Si mon corps s'était amaigri, ce n'était pas le cas de Pénélope qui avait considérablement pris du poids. Cacher son état ne sera plus possible pour longtemps. Ses nausées et vomissement étaient justifiés sur le bateau, mais sur la terre ferme, c'est une toute autre histoire. Yaman et Jana semblent d'ailleurs avoir de sérieux doutes là-dessus, je sais qu'ils font simplement semblant de ne pas le savoir, et je sais aussi qu'ils ne diront rien. Peut-être savent-ils que le père n'est autre que Horace, ce qu'ils ignorent, c'est que cet enfant est le fruit de leur amour, et non d'un viol, pensé-je en reposant mon visage sur le velours du carrosse.

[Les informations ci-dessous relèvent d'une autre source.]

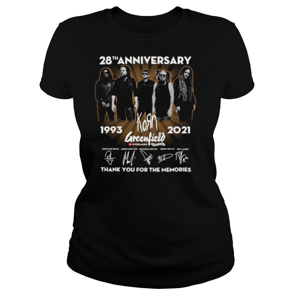 28th anniversary 1993 2021 Korn Greenfield signatures thank you for the memories shirt, hoodie, sweater, longsleeve and ladies t-shirt

Depuis mon altercation avec le soldat de l'armée navale. Non. Depuis que le soldat de l'armée navale s'était jeté sur moi pour son alcool : Vincent, Grizel et moi-même ne nous adressions plus la parole. Le même alcool qui a coûté la vie à Vanélopé, la jeune espionne Princienne qui s'est vue offrir un fruit maudit.

Sept et moi sommes étrangement devenus amis, si nous pouvons appeler ça comme ça. Disons que lui au moins ne me déteste pas. Mais le plus important est que ces vingt-deux jours aux côtés des Corbeaux m'ont appris plus de choses que je ne le pensais sur Adegar, non sur Araskan tout entier.

— N'es-tu pas angoissée ! S'exclame soudainement Pénélope dont la toilette était pleine de déchirures indéfinies provoquées par ses ongles.

— Vous n'avez pas à l'être, dit Jana d'un ton qui se veut rassurant, la cour, le peuple, le château, vous vous y plairez ! Et puis vous n'y passerez que deux jours...

Deux jours, se moque-t-elle de nous ? Deux jours, cela est parfaitement suffisant pour qu'Azarias trouve le moyen de me faire porter tous les crimes de l'humanité sur le dos. La guillotine, ou peut-être l'exil ? Non pire encore : quelqu'un ici pourrait reconnaître Pénélope !

— Tu dis ça parce que tu y vis ! Empeste Pénélope.

— J'y travaille, précise-t-elle, les corbeaux habitent dans des camps d'entraînement au nord de la capitale.

Comme aurait fait une enfant, Pénélope dévie le regard de Jana avant d'émettre un long soupir. Sa tenue raffinée n'allait pas avec le ton qu'elle empruntait. Elle portait une belle et longue robe rose pâle, doublée d'un corset de la même couleur et qu'elle n'avait pas aussi serré qu'elle n'en avait l'habitude. D'un geste régulier, elle tapait des pieds au fond de ce carrosse abîmé jusqu'à en déranger Jana qui gardait tout de même son calme. Même si nous n'étions que trois, j'avais l'impression que l'air me manquait et, mon souffle se coupe réellement en apercevant la beauté du paysage qui s'offrait à moi. Au loin, je pouvais voir la ville qui s'approchait à mesure que les chevaux avançaient. Voici donc la capitale, le noyau d'Adegar. L'île était belle, elle était même magnifique, mais lorsque là-bas la beauté en était sauvage, ici, c'est dans l'ordre qu'elle trouve sa magnificence.
Les arbres aux formes parfaites captaient mon admiration, les champs étaient colorés et je pouvais y voir des cultivateurs arroser leurs cultures. Buissons et étangs étaient aménagés d'une manière si raffinée que pendant un instant, je rêvais de m'installer auprès de ces gens, me lever au petit matin et apprendre tout de ces plantes et végétations qui me sont étrangères, qui me sont nouvelles. Ma bouche à moitié ouverte, j'observais avec la plus grande admiration chaque détail qui me semblait plus majestueux que le précédent.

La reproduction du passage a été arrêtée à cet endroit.